I'm going to try not to put too many teacher-related posts on this blog. However, as teaching takes up the bulk of my life sometimes I just have to share things that I do! This quarter for graduate school, I am taking a class where I tutor in the university's learning center. I have two students that I tutor, one gives me no trouble and I actually enjoy working with her. The other, a second grade boy, is making my life very difficult! I don't do so well with young children and he has decided he hates me and will not work for me. He literally throws temper tantrums in the middle of the tutoring center, which is very embarrassing! All the little boy wants to do is draw or talk about legos. So, I started looking on the internet for ideas with Legos. I tweaked an idea I found online and tried it out for the first time on Tuesday. It worked! Okay, I suppose I can't say that yet, because I don't have long-term evidence that it actually will help him with spelling/reading...but for me, it worked.
I got a Lego set and labeled each lego with a letter. I used short legos for the "short letters" (a, c, e...) and taller legos for the "tall letters" (b, d, f...). I used masking tape and a sharpie to do this (I figured the sharpie would smear on the plastic Lego). Armed with my bag of Lego bags (but struggling with a nasty case of Laryngitis), I was cautiously optimistic when I went in for our tutoring. I had told him about the idea the previous week (when I was searching for some sort of bribe!), so he was expecting the Legos.

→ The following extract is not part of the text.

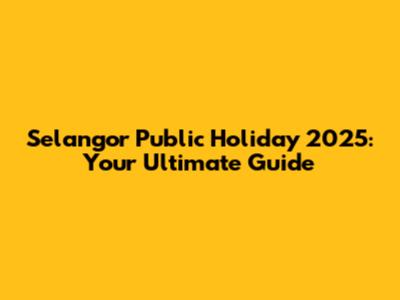 Selangor Public Holiday 2025: Your Ultimate Guide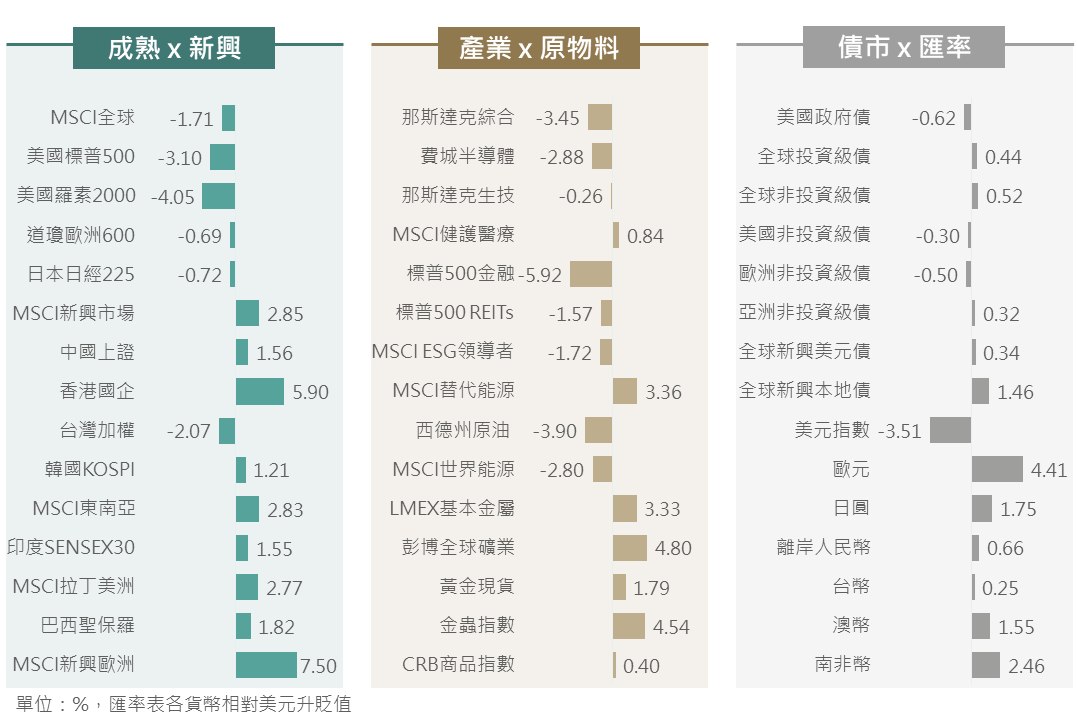 上週在川普關稅、美國經濟放緩,及科技股成長動能走緩的負面因素影響下,科技股持續引領美股及相關市場收低,而OPEC+宣布4月即將增產也壓抑了國際油價走勢;另一方面,中國兩會釋出支持經濟訊號強化陸港股表現,歐洲放寬財政限制、日銀副總裁表示有望繼續升息則添增美元指數壓力,並挹注了新興資產及金礦類股一些動能。

We did his other homework first, and then I placed the Legos in alphabetical order. He had 9 spelling words for the week. I showed him how to pick out the letters and snap them together to build a word. This activity helped him by having him practice identifying letters (he really struggles with naming isolated letters, so searching for the correct letter was a task in its own) and of course practicing the words. He would build a word (with the list in front of him), saying the letters aloud a few times, and then he would add the new word onto his creation. When he had built all nine words, I had him take apart the mass creation he built. This reinforced the words again, because he had to think about which "chunks" were his words. I had him really look at the shape of the legos (for instance, blue has two tall letters and then two short letters). We took apart all of the legos and then I had him do four words without the list. Guess what? He got all four words right!
He really enjoyed this activity and was very into the idea of "building words," just like he would build a robot or a house. I am definitely going to use this idea with my children as a tool to get them engaged in making words before they enter into school. I highly recommend this activity!
Awesome idea, Jenna! Did this stem from the conversation at book club? I'm so glad you found a way to get him interested in his assignments :) Gonna pin this idea... the pinterest moms will LOVE it!